Annoncée en pleine Pentecôte, jour de l’apparition du Saint-Esprit, la fin du système d’évasion fiscale organisé par Amazon en Europe a été trop vite déduite d’un communiqué du groupe qui ne déclarait rien de tel. Amazon EU SARL, la société luxembourgeoise qui encaissait toutes les ventes en Europe, a ouvert des succursales dans les principaux pays du continent. "Depuis le 1er mai, Amazon EU SARL encaisse les ventes à ses clients via ces branches", mentionne simplement la multinationale américaine depuis son siège européen du Luxembourg.

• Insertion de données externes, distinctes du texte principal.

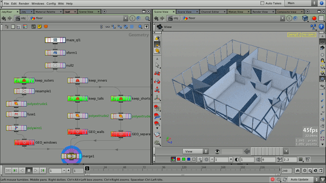 Construction of a simple procedural office floor, with Maze qL SOP providing the floor plan and other details (e.g. inside wall heights are based on wall recursion levels).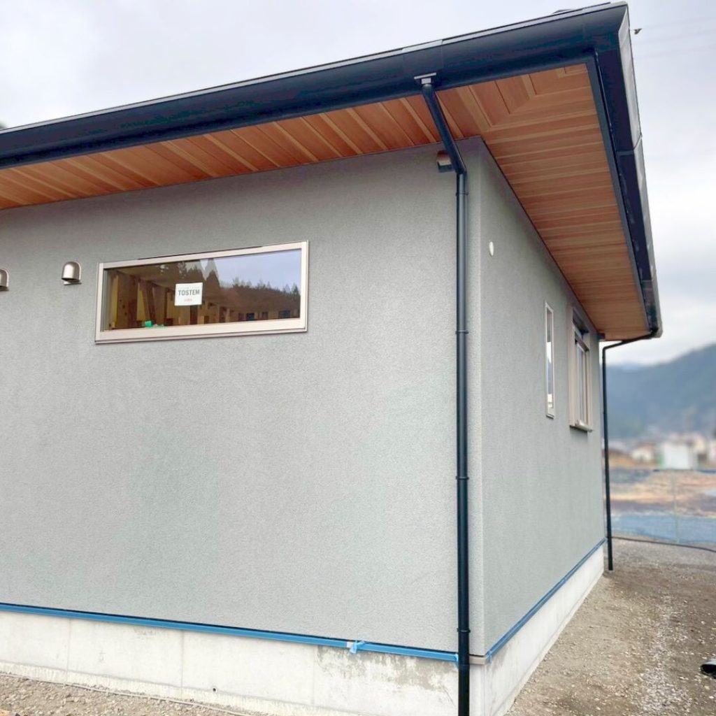 お家の正面の半分は、ジョリパットのミーティア仕上げです。

Pour la France, elle ajoute qu’elle travaille à cette réorganisation, pas encore opérationnelle.
La succursale française est en réalité déclarée depuis le 1er mars, mais le transfert des actifs et du personnel reste à faire. Consultés il y a quelques semaines, les représentants des salariés d’Amazon.fr (logistique) et d’Amazon SAS (gestion du site, relations avec les fournisseurs) ont donné leur accord. Le démantèlement du circuit de prestations de service interne devrait donc intervenir prochainement, comme le laisse supposer le départ de Romain Voog, ancien directeur France.
L’encaissement des achats des clients français par la nouvelle succursale française enregistrée à Clichy, au siège d’Amazon France, ne signifie toutefois nullement que l’équité fiscale sera rétablie. Amazon EU SARL, dont dépend cette succursale, affiche un déficit comptable et n’est donc pas imposable en raison du transfert de tout son bénéfice sous forme de royalties à une autre filiale luxembourgeoise, Amazon Europe Holding Technologies. Celle-ci ne règle strictement aucun impôt, malgré un profit net de 345,7 millions d’euros l’an dernier, qui a plus que doublé par rapport à 2013. La Commission européenne enquête sur ce montage depuis près d’un an, mais il fonctionne toujours pour le moment. Si les succursales nationales sont artificiellement plombées par les mêmes ponctions de royalties toujours aspirées au Luxembourg, elles ne seront pas plus imposables.